We have built these ideas directly into our systems. We run containers, we run in the cloud.
Failure is inevitable, and resiliency is not just desirable, but essential.
In fact, failing is okay. Containers and servers going down is fine, because we’ll just spin up another one. We have enough redundancy built into our system to tolerate it.
Our system is more reliable because it deals with failure all the time – daily, hourly – and it recovers seamlessly. If a real disaster happens, our system will recover because it already does it all the time.
What is the ‘Reaper’?
Much like Netflix’s idea of a chaos monkey, the Reaper is a process whereby every hour, we blow away an entire container host in Rancher, along with all its containers. The host is simply deleted, as if it had gone offline.
Our system is designed to tolerate this failure with no downtime for the users, and to automatically recover.
The Reaper is constructive destruction.
Okay, but how does it work?
The ‘Reaper’ takes the form of Azure Powershell deploy scripts that are checked into Github, and built on a cron schedule by Jenkins. Usually they run hourly, like so:
The Powershell scripts have the following steps:
The logical process flow is as follows:
- Are there alerts firing for this environment? If so, don't do anything destructive. Skip to step 4.

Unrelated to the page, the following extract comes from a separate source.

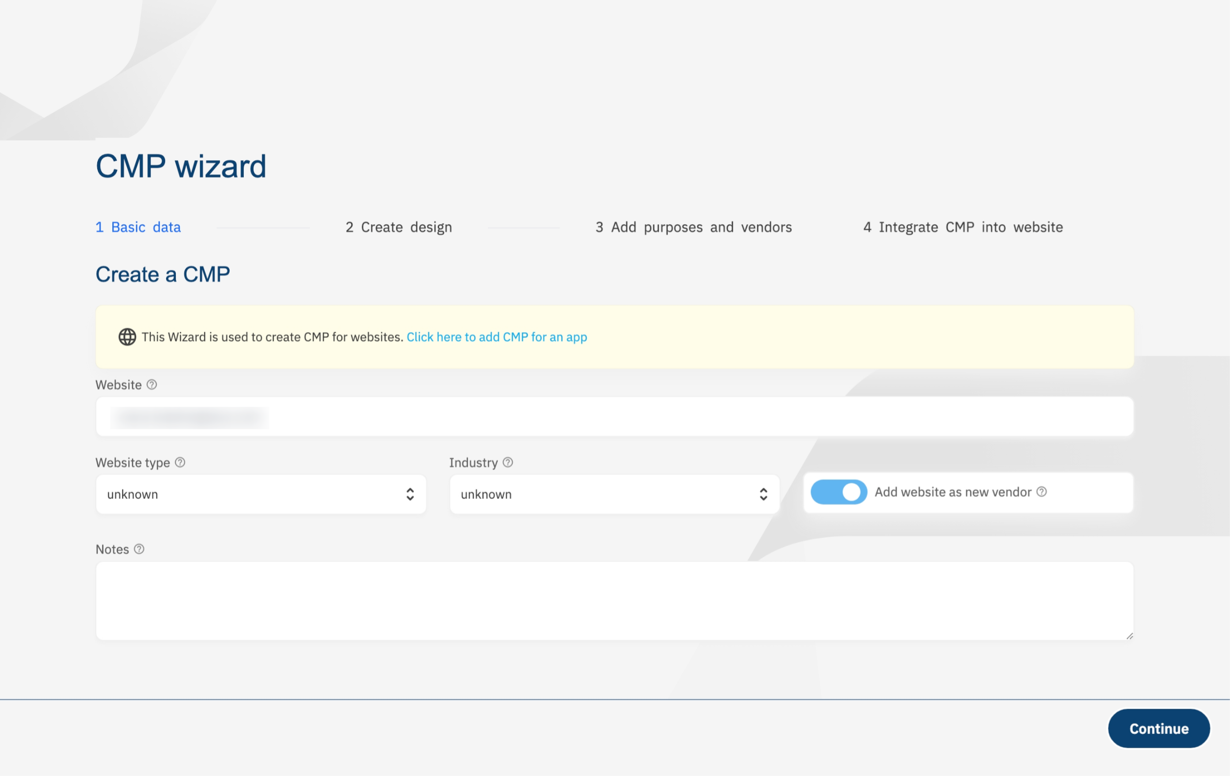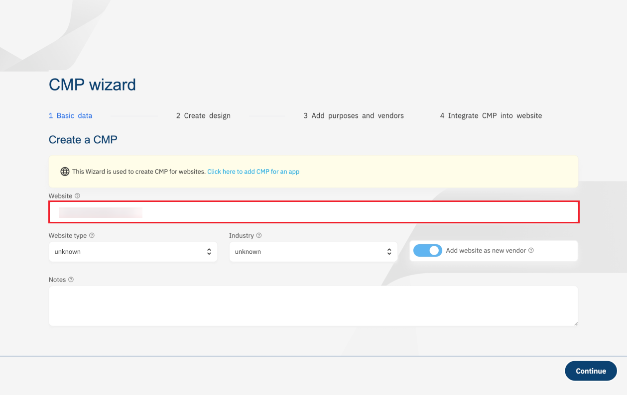 (2)在CMP配置向导页面中,第一步请在图示红框中,填写您的待配置网站URL,然后点击”Continue“按钮,以进入后续步骤;

- If no alerts are firing, and all stacks in the environment are healthy, nuke a VM instance. Just delete it.
- Check for sick, removed, or 'zombie' hosts in Rancher (via the REST API and Azure Powershell cmdlets). Clean them up if found.

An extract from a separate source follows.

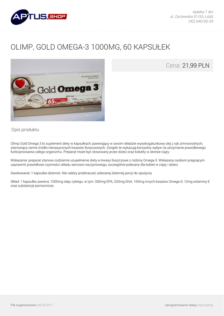 Apteka 7 dni ul. Zarzewska 51/53, Łódź (42) 640-00-24 OLIMP, GOLD OMEGA-3 1000MG, 60 KAPSUŁEK Cena: 21,99 PLN Opis produktu Olimp Gold Omega 3 to suplement diety w kapsułkach zawierający w swoim składzie wysokogatunkowy olej z ryb zimnowodnych, stanowiący cenne źródło nienasyconych kwasów tłuszczowych. Związki te wykazują korzystny wpływ na utrzymanie prawidłowego funkcjonowania całego organizmu. Preparat może być stosowany przez dzieci oraz kobiety w okresie ciąży. Wskazania: preparat stanowi codzienne uzupełnienie diety w kwasy tłuszczowe z rodziny Omega-3. Wskazany osobom pragnącym usprawnić prawidłowe czynności układu sercowo-naczyniowego, szczególnie polecany dla kobiet w ciąży i dzieci. Dawkowanie: 1 kapsułka dziennie. Nie należy przekraczać zalecanej dziennej porcji do spożycia. Skład: 1 kapsułka zawiera: 1000mg oleju rybiego, w tym: 330mg EPA, 220mg DHA, 100mg innych kwasów Omega-3; 12mg witaminy E oraz substancje pomocnicze. Plik wygenerowano: 09-03-2017 Powered by TCPDF (www.tcpdf.org) Oprogramowanie sklepu: AptusShop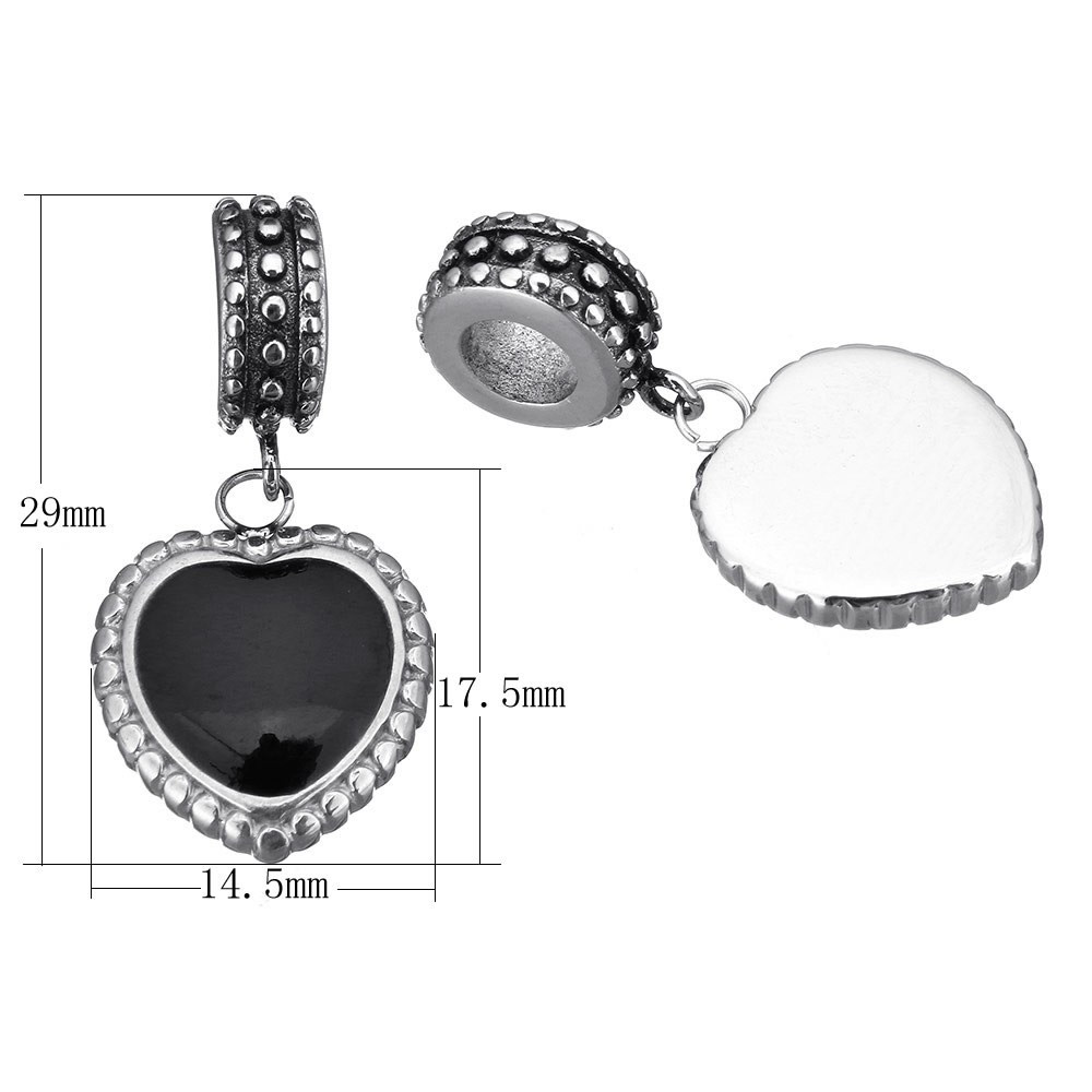 Heart pendant with black surgical steel stone

- Redeploy the Azure Template to heal the environment.
- Azure will automatically trigger a rebuild of the missing VM via its VM Scale Set scaling algorithm.
- A new host comes online to replace the deleted one, and Rancher re-balances the containers. There is no downtime for the user.
What are the benefits of this?
This means our environment is always moving, always refreshing, always self-healing.
We are always exercising our failure recovery. If a container goes down, if an entire VM goes down, and (to an extent) if an entire region goes down, we can recover, in most cases automatically.
It also encourages developers to build fault-tolerant apps, since they will need to survive this creative destruction in order to operate in our environment. If an app isn’t tolerant of failure it won’t work at all.
What does Rancher look like when a host is recycling?
It looks pretty red and angry, in fact. But you’ll notice the stats all say “Degraded”, not “Stopped”. They are still working, just at a reduced container count due to the missing host:
So if you see all the stacks in a degraded state, don’t worry. Compass is still running fine:
And Rancher will gradually rebalance the containers when the host comes back (usually within 5 minutes):
Conclusion
- Write your apps using a queue model (like RabbitMQ) for operations that must succeed
- Write your apps to be fault tolerant
- Write your apps to be stateless, or to keep state in Redis
- Write retry logic into your calls, don't always assume they will succeed
- Don't fear the Reaper